1
$\begingroup$

The following partial derivative mnemonic (with Jacobians) seems to work well in thermodynamics:

$\frac{\partial(A,B)}{\partial(C,B)}=\left(\frac{\partial A}{\partial C}\right)_B$

$\partial(A,B)=-\partial(B,A)$

Now it seems I can even treat the individual parts as single elements and get correct results without memorizing all sorts of partial derivative rules. For thermodynamics in particular all I need to know is $\partial(p,V)=\partial(S,T)$.
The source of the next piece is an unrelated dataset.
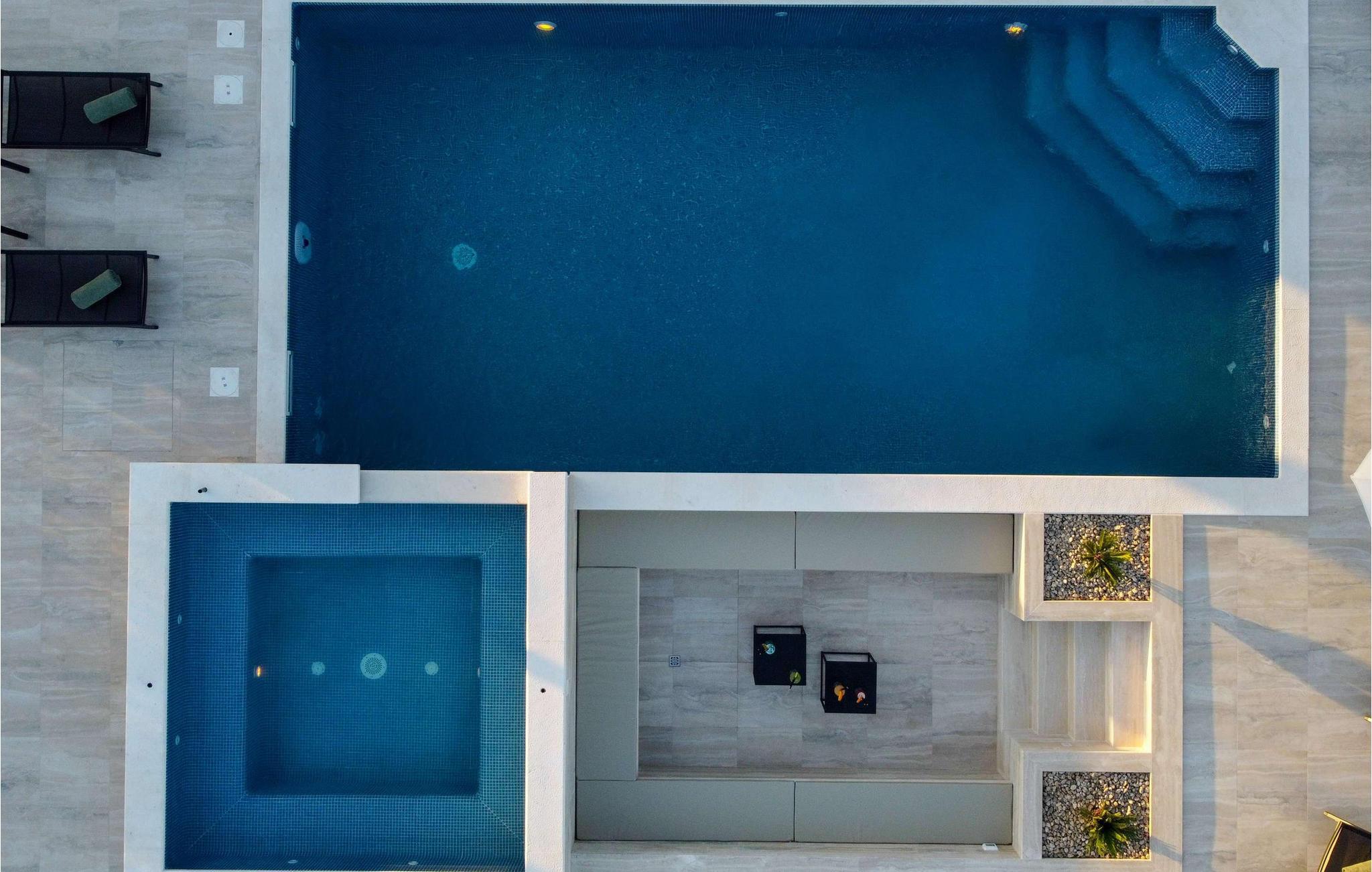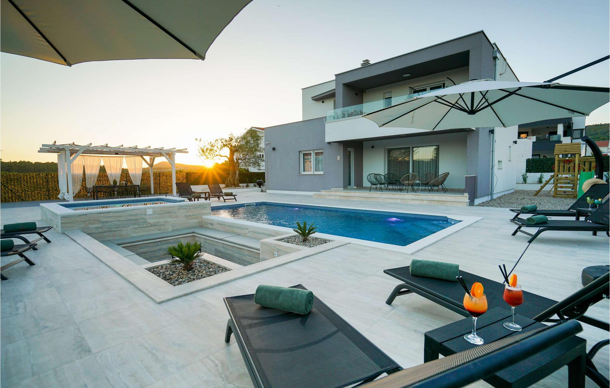 Slap af i hængestolene på terrassen og lad blikket vandre over haven. Tilbring hyggelige timer under den overdækkede pergola og nyd den særlige atmosfære i dette moderne udendørsområde. Slap af ved den oplyste pool og nyd den varme aftenluft, mens I svømmer eller slapper af på solsengene. Udnyt de elegant forsænkede siddeområder med små borde til at nyde en drink og afslutte aftenen perfekt.

Can this mnemonic have a solid foundation in mathematics as it seems to work well?

1 Answers 1

1

The first part of what you call a mnemonic is not a mnemonic but a fact:

$ \def\jacob#1#2{\frac{\partial(#1)}{\partial(#2)}} \def\pderiv#1#2#3{\left(\frac{\partial #1}{\partial #2}\right)_{#3}} \jacob{A,B}{C,B} = \left| \begin{array}{cc} \pderiv ACB & \pderiv ABC\\ \pderiv BCB & \pderiv BBC \end{array} \right| = \left| \begin{array}{cc} \pderiv ACB & \pderiv ABC\\ 0 & 1 \end{array} \right| =\pderiv ACB\;. $

The second part is only mnemonic in that the numerator and denominator of the Jacobian don't make sense individually, but its foundation in the antisymmetry of determinants is clear.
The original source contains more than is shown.